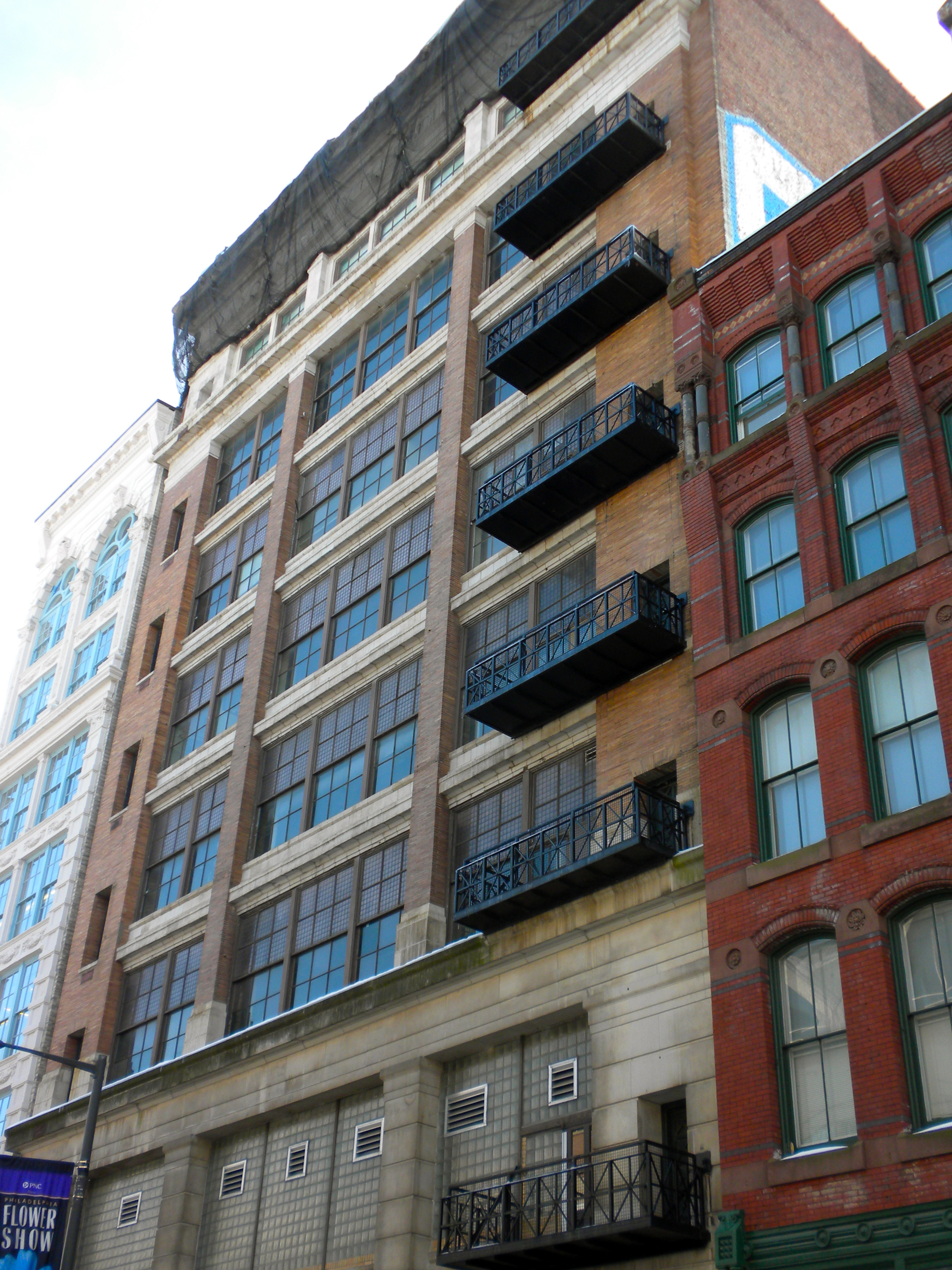 1216-1220 Arch Street Philadelphia, known as Smyth Young Field Company Building . On NRHP since December 24, 1992 in Chinatown neighborhood of Center City, Philadelphia, PA. Note building next door at 1222 is also on NRHP and I have mistakenly given a photo of it the Smyth Young name.
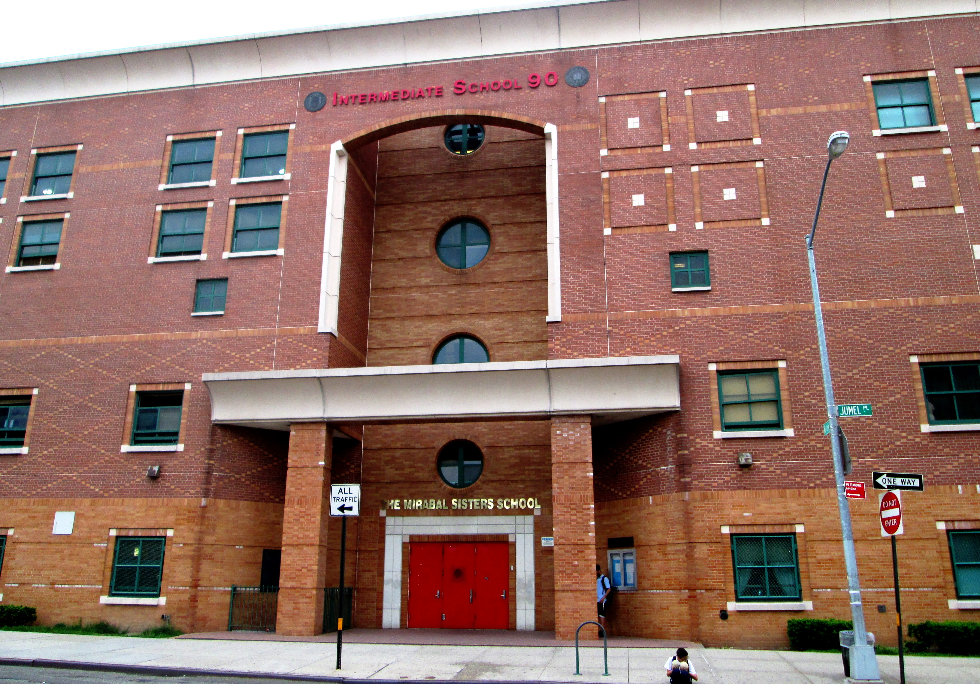 The Mirabal Sisters Campus, located at 21 Jumel Place between West 167th Street and Edgecombe Avenue in the Washington Heights neighborhood of Manhattan, New York City, was built in 1993-94, and opened as I.S. 90, The Mirabal Sisters School, a community school operated in cooperation with the Children's Aid Society. In 2004, it was divided into three middle schools, M.S. 319, the Maria Theresa Middle School; M.S. the Minerva Middle School; and M.S. 324, the Patria Mirabal Middle School. The Mirabal Sisters were four opponents of the Trujillo dictatorship in the Dominican Republic, three of whom were assassinated by the regime on November 25, 1960 . (Source: Mirabal Sisters Campus Fact Sheet)
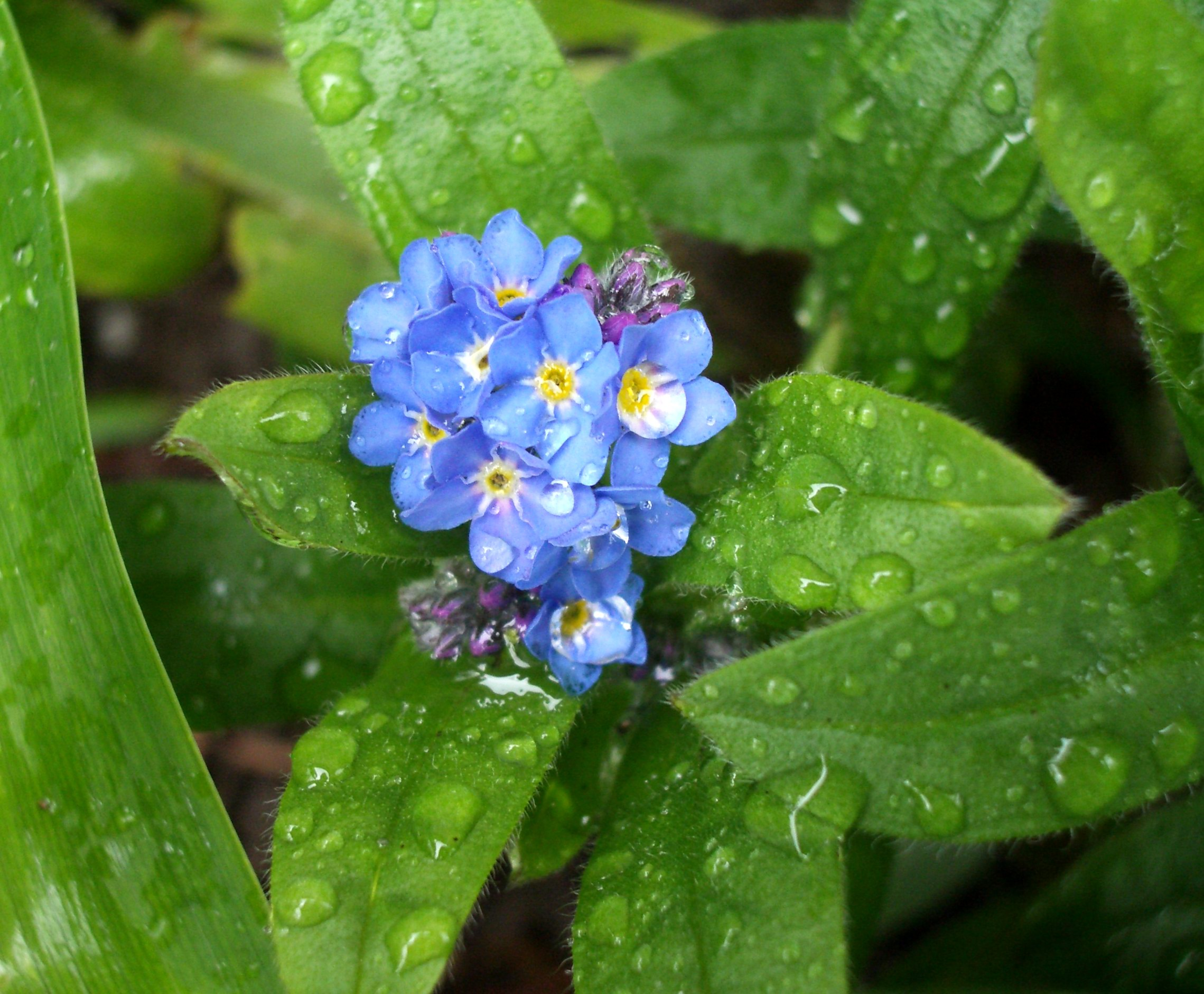 in Jean's garden. it rained in the morning. Myosotis scorpioides (Myosotis palustris) Family: Borage (Boraginaceae)Forget-me-nots - 1
----------
WHAT TO WORK ON: After removing the pictures, transcribe the listing above exactly.

RESULT OF THIS EXERCISE:
 1216-1220 Arch Street Philadelphia, known as Smyth Young Field Company Building . On NRHP since December 24, 1992 in Chinatown neighborhood of Center City, Philadelphia, PA. Note building next door at 1222 is also on NRHP and I have mistakenly given a photo of it the Smyth Young name.
 The Mirabal Sisters Campus, located at 21 Jumel Place between West 167th Street and Edgecombe Avenue in the Washington Heights neighborhood of Manhattan, New York City, was built in 1993-94, and opened as I.S. 90, The Mirabal Sisters School, a community school operated in cooperation with the Children's Aid Society. In 2004, it was divided into three middle schools, M.S. 319, the Maria Theresa Middle School; M.S. the Minerva Middle School; and M.S. 324, the Patria Mirabal Middle School. The Mirabal Sisters were four opponents of the Trujillo dictatorship in the Dominican Republic, three of whom were assassinated by the regime on November 25, 1960 . (Source: Mirabal Sisters Campus Fact Sheet)
 in Jean's garden. it rained in the morning. Myosotis scorpioides (Myosotis palustris) Family: Borage (Boraginaceae)Forget-me-nots - 1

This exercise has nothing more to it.